The United States invited two women who had defected from North Korea and are now living in the United States. Nikki Haley, the US ambassador, asked the women to stand before she denounced the Kim Jong Un regime for spending all its money on nuclear weapons and ballistic missiles, while its people go hungry. She argued that in fact, human rights are inextricably linked to international issues: Haley said that, by systematically keeping his people down, Kim Jong Un is mustering the strength he needs to develop an effective nuclear arsenal:

“The systematic human rights violations and abuses of the North Korean government are more than the cause of its people’s suffering. They are a means to a single end: Keeping the Kim Jong Un regime in power. The regime is using that power to develop an unnecessary arsenal and support large conventional military forces that pose a grave risk to international peace and security. Their menacing march towards nuclear weapons begins with the oppression and exploitation of ordinary North Korean people. Through the export of workers abroad to earn hard currency and the use of forced labor at home, the regime uses its people to underwrite its nuclear and ballistic missile programs.”

UN reports estimate that at least half of North Korea’s citizens suffer from “food insecurity” – which means they simply don’t get enough to eat. Crucially, this includes many pregnant and nursing women, as well as children under the age of five, who risk permanent damage from malnutrition. The UN estimates that half of North Koreans also suffer from “medical security,” meaning that they have no access to the doctors and medicine they need.

Japan’s ambassador Koro Bessho pointed out that North Korea has forcibly kidnapped many Japanese citizens, including a 13-year-old girl. These kidnapped citizens have never been returned home; their families have no news of them. Bessho pointed out that their families are getting older – some have passed away without ever seeing their kidnapped loved ones again. “There is no time to waste,” he said, urging the international community to take action.

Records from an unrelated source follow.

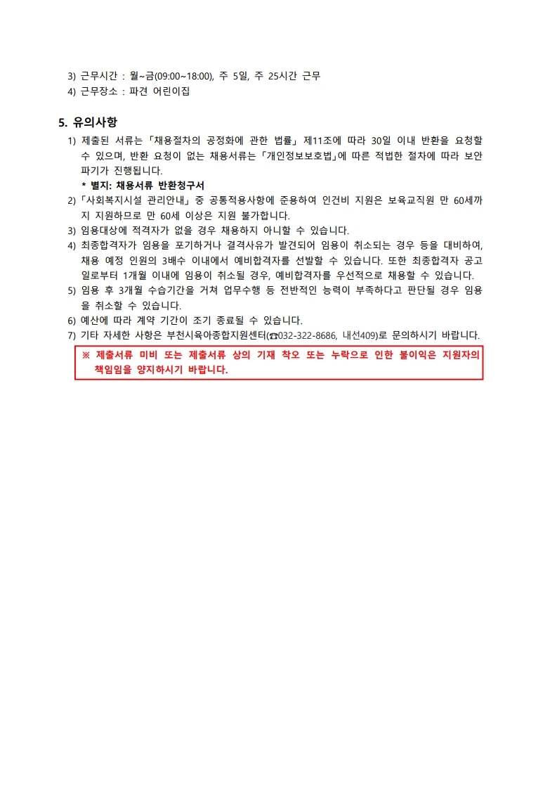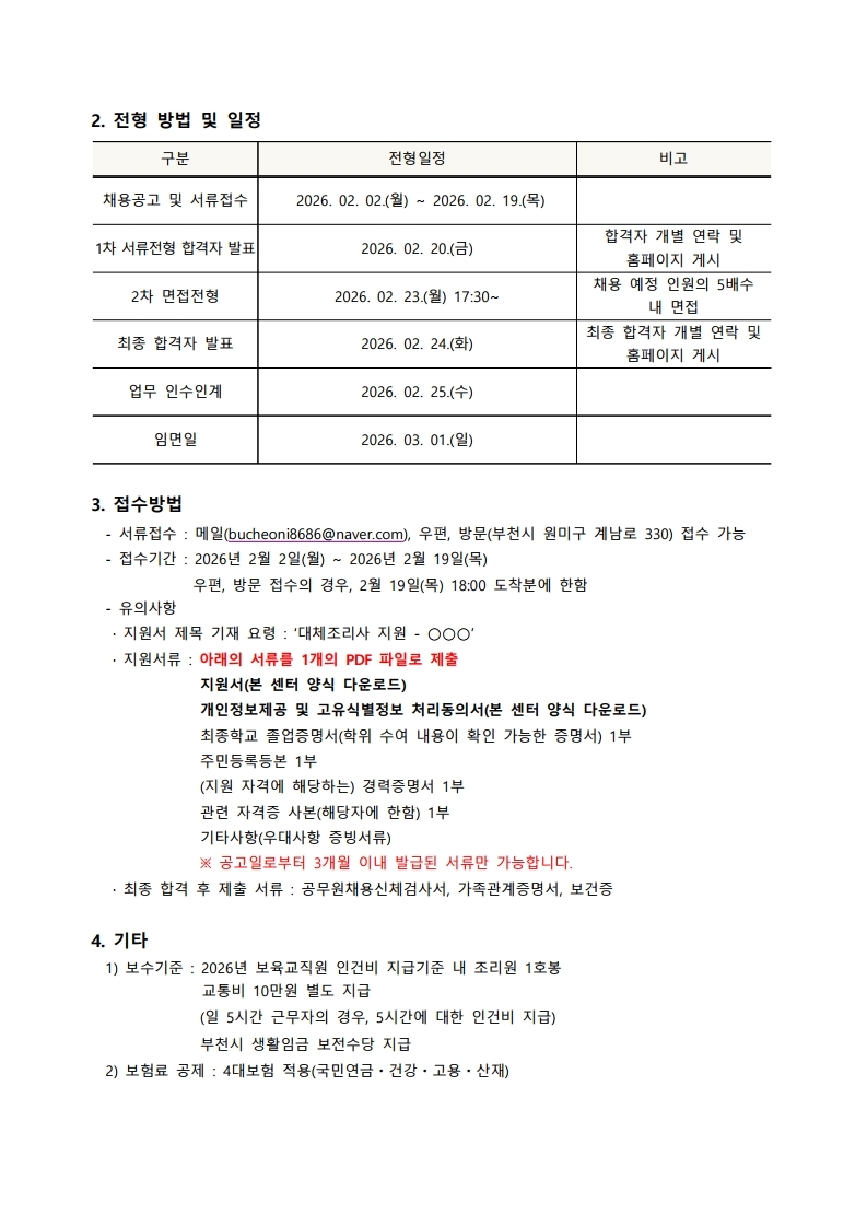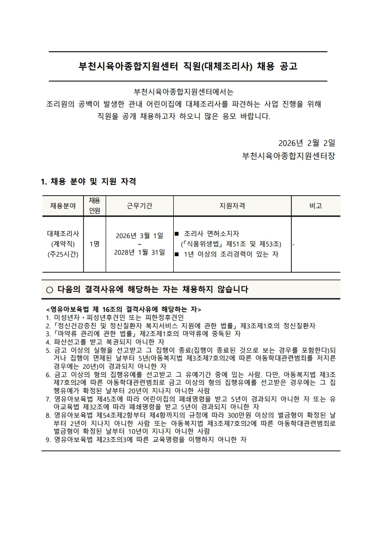 [부천시육아종합지원센터] 직원 채용공고(대체조리사)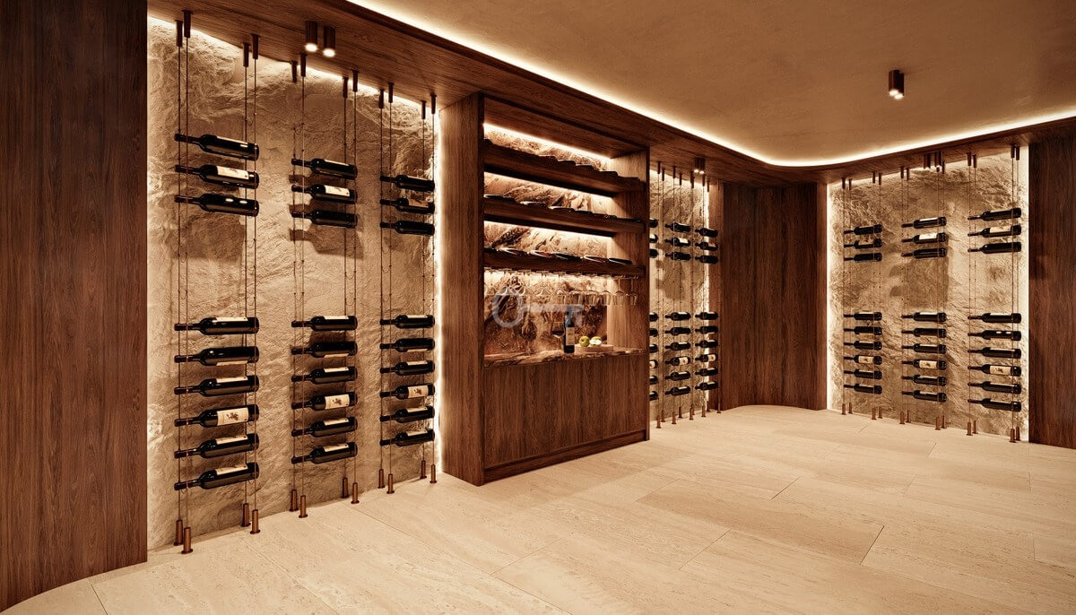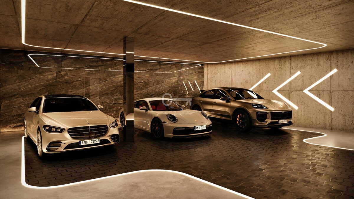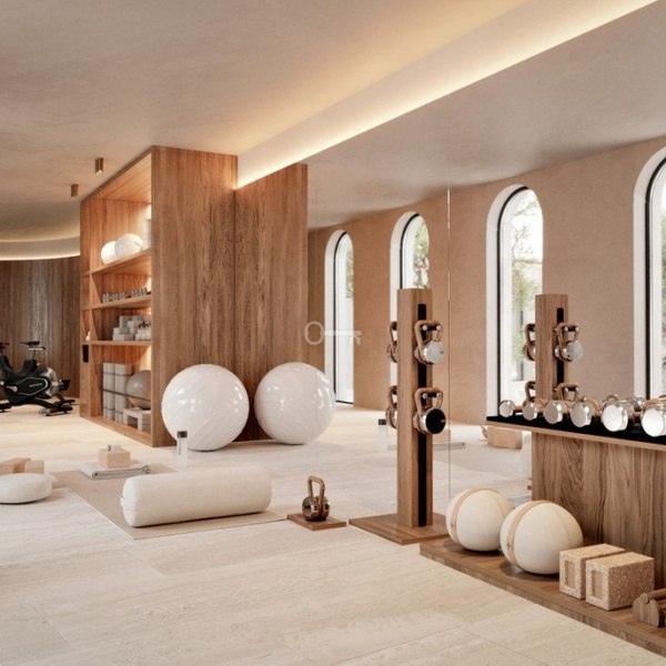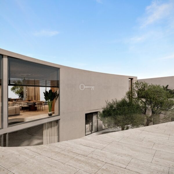 Rozłożony na trzech piętrach dom oferuje wszystko, czego można oczekiwać od wymarzonej willi nad morzem. Obejmuje cztery sypialnie z łazienkami, dodatkowy pokój dla personelu, siedem łazienek, piwniczkę z winami, spa, siłownię, kino i przestronny salon z otwartą kuchnią. Duże szklane drzwi przesuwne zapewniają płynne przejście między życiem wewnątrz i na zewnątrz, z bezpośrednim dostępem do panoramicznego tarasu i basenu bez krawędzi.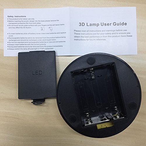 -. Feature : Material--Acrylic Panel+ABS Base. / 3D light hologram--The 3d optical illusion lamp uses a 2D flat construction that transforms into an illuminated 3D object,create a 3D effect. / Durable&Energy Saving--Power spend:0.012kw.h/24 hours.LED life span:10000hours. / Smart touch control colors--7colors can be changed flexible to red, green, blue, yellow, cyan, purple, white. / Customize--You can create an unique 3D light, just please contact us and provide the images with white background.This Personalized service is FREE!
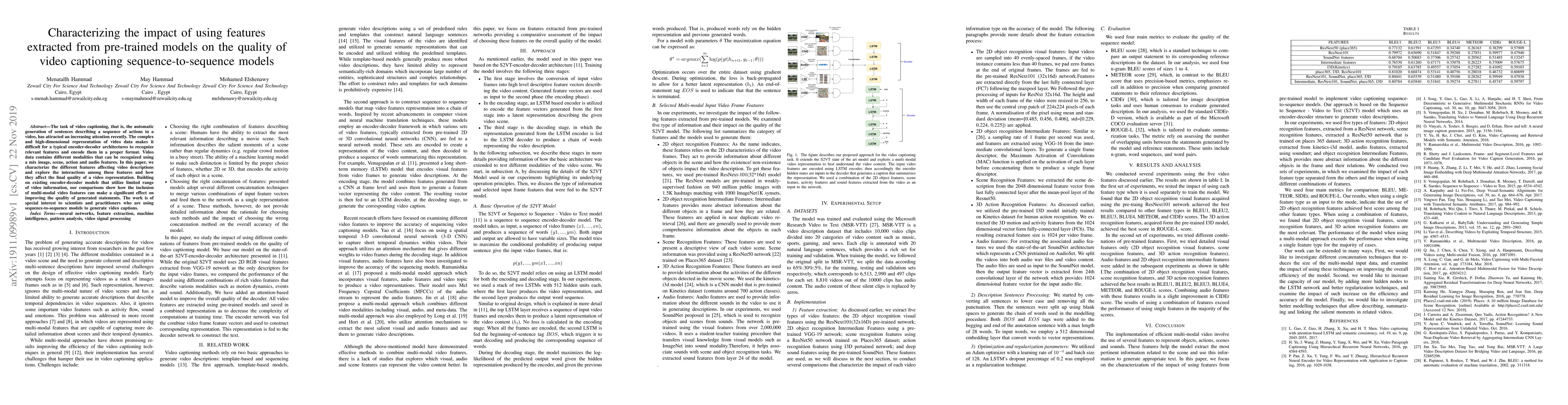 The task of video captioning, that is, the automatic generation of sentences describing a sequence of actions in a video, has attracted an increasing attention recently. The complex and high-dimensional representation of video data makes it difficult for a typical encoder-decoder architectures to recognize relevant features and encode them in a proper format. Video data contains different modalities that can be recognized using a mix image, scene, action and audio features. In this paper, we characterize the different features affecting video descriptions and explore the interactions among these features and how they affect the final quality of a video representation. Building on existing encoder-decoder models that utilize limited range of video information, our comparisons show how the inclusion of multi-modal video features can make a significant effect on improving the quality of generated statements. The work is of special interest to scientists and practitioners who are using sequence-to-sequence models to generate video captions.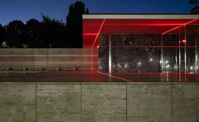 在巴塞羅那德國(guó)館內(nèi)設(shè)置的“燈光幾何”基于建筑的特點(diǎn),在建筑上把紅色激光投射成了大理石原本組合的網(wǎng)格狀方式。由于光可以透過(guò)玻璃,建筑的邊界因此有了進(jìn)一步擴(kuò)展,達(dá)成了另一種層面的“流動(dòng)空間”。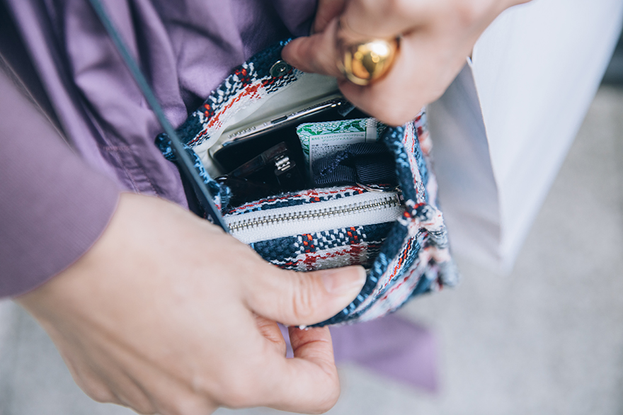 Carry it with you when you want to wander around the neighborhoods of your hotel or go down to have breakfast. Bring along your room keys, wallet, handkerchief, books, and the minimum items you need.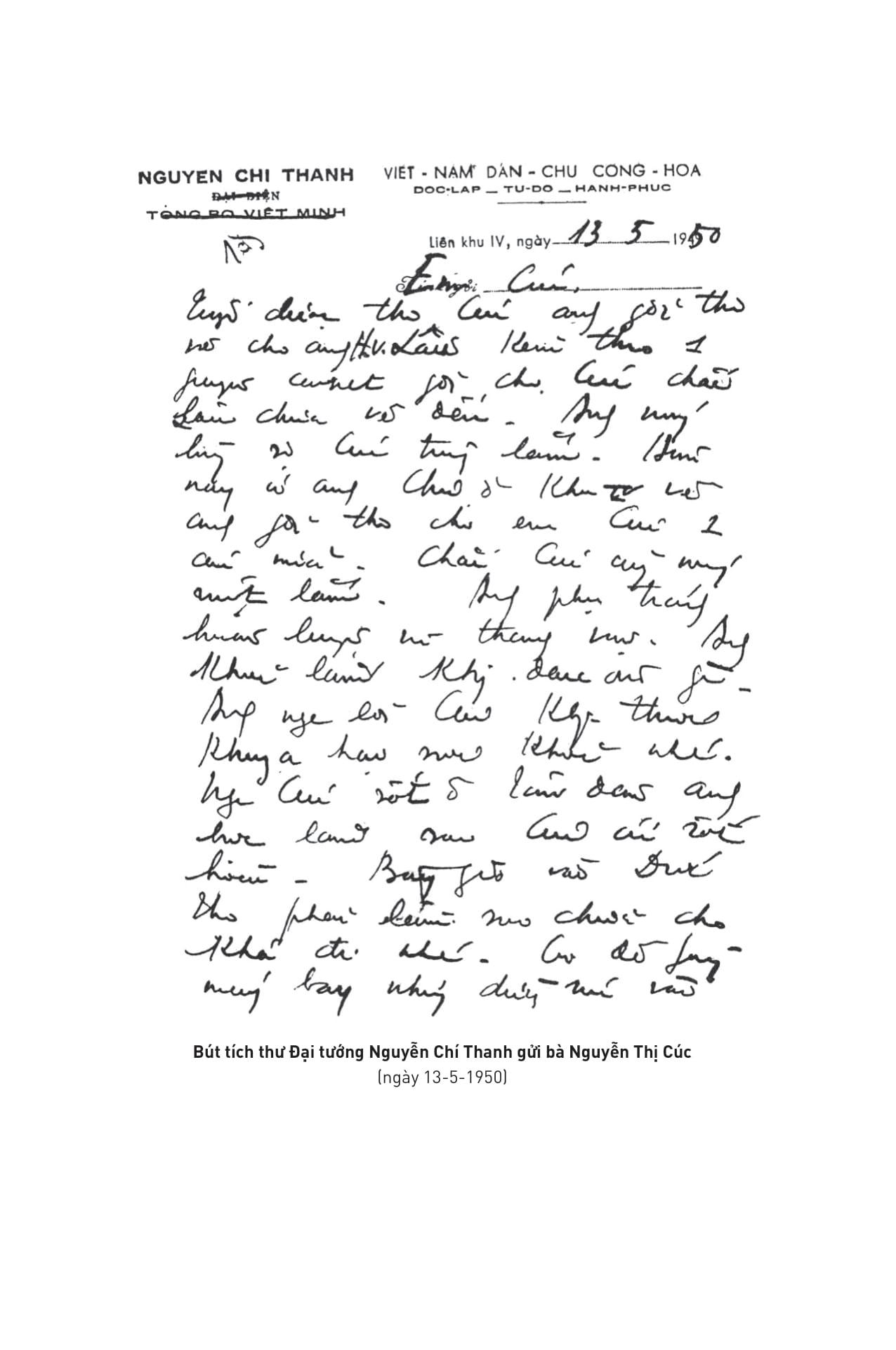 - Những cánh thư ra Bắc vào Nam TRÍCH ĐOẠN/ CÂU QUOTE HAY “Những lá thư này là một di sản Ba Thanh để lại, dành riêng cho con cháu, để họ truyền lại cho mãi mãi những lứa cháu con sau này… như những giọt sữa nuôi dưỡng trong cả cuộc đời, như những dòng máu tiếp tục chảy trong huyết quản” (Trích Lời mở đầu) “Không được thơ Cúc, anh phần thì trông mong, phần thì áy náy, không biết m.ình ăn ở với vợ con thế nào mà đến khi xa nhau phải thế. Em cũng biết tuy nhớ nhau nhiều ngày hay sinh ra nghĩ thế này thế khác, tâm lý ấy cũng có gì là lạ.” (Trích thư Đại tướng Nguyễn Chí Thanh gửi vợ Nguyễn Thị Cúc, ngày 5-7-1950) “Ba dặn các con đây này: Phải gắng học cho giỏi, tính nết cho tốt, làm việc cho khá. Ba chúc các con ngoan để sau này thành người có đạo đức.” (Trích thư Đại tướng Nguyễn Chí Thanh gửi gia đình, tháng 11-1964) “… Đại tướng Nguyễn Chí Thanh vẫn luôn hiện hữu trong cuộc đời chúng ta. Trong các văn kiện, tài liệu của Đảng và Nhà nước. Trong những bộ sách. Trong những cuốn phim. Qua các kỷ vật trong viện bảo tàng. Qua rất nhiều bài viết trên báo chí. Qua truyền hình và đài phát thanh. Với những bức tượng ở quảng trường, trong các khu lưu niệm. Với những miếu thờ giản dị nơi thôn dã...” (Trích Tòng Bạt) “Chúng ta đã đọc những bài báo của Đại tướng với bút danh “Trường Sơn” - những bài viết làm nức lòng dân tộc trong những năm đánh Mỹ. Chúng ta quen với một giọng văn đanh thép, sắc sảo, hào hùng, một tư duy sáng suốt đầy sức thuyết phục, một thái độ tận tụy, kiên trung quyết tâm chiến đấu và sẵn sàng hy sinh. Chúng ta cũng biết đến những bài nói sảng khoái, chân tình khi vị tướng nông dân lội bùn trên những cánh đồng hợp tác, điểm xuyết những câu hò man mác những triền sông. Chúng ta cũng đã đọc những câu chuyện phảng phất màu sắc huyền thoại nhưng lại rất thực, kể về một cán bộ lãnh đạo cao cấp cõng cấp dưới qua suối, hay một chỉ huy quân đội “bênh vực” một làn điệu quan họ. Bây giờ, đọc lại những bức thư viết từ khoảng xa là 69, gần là 49 năm trước, ta gặp lại vẫn Nguyễn Chí Thanh ấy, nhưng trong nỗi chờ mong thư vợ, mong đến mức tỷ mẩn đếm từng lá thư, băn khoăn đến mức so sánh số thư gửi đi với số thư nhận được, rồi nghĩ ra đủ thứ lý do để mà lo lắng, băn khoăn, nào là ốm đau, nào là giận hờn, nào là bom lửa… Ta thấy vị Đại tướng ngày nào sao mà gần gũi, sao mà thân thương, trong những khía cạnh hết sức đời thường. Giống như tôi, giống như bạn. Những lá thư trở nên tư liệu lịch sử đầy tính nhân văn.” … “Đọc mỗi lá thư như dò tìm trở lại từng bước chân trên cả con đường của một con người, một gia đình, những khắc khoải cách xa, những lo âu trĩu nặng, những dặn dò ân cần, những niềm vui, những khao khát trong lòng người chồng, người cha đang gánh vác biết bao nhiệm vụ nặng nề.” (Trích Lời mở đầu)

“Even George Orwell would be surprised” by conditions in North Korea, the ambassador of Ukraine said, as he listed some of the crimes against humanity committed in North Korea – torture, rape, forced labor, capital punishment for religious or political dissent.

After the Security Council meeting, the United States organized a side event in which Michael Kirby, the author of a 2014 UN report on North Korea, discussed some of the human rights atrocities in North Korea. He described a young woman who had been forced to drown her newborn child in a river, as a punishment for defecting and marrying a non-Korean man. He described starvation, concentration camps, and torture.

Few people disagree that human rights conditions in North Korea are abysmal. The question is, will the United Nations do more than merely talk about this issue? Is this, in fact, only a bit of theater? Or will something more be done?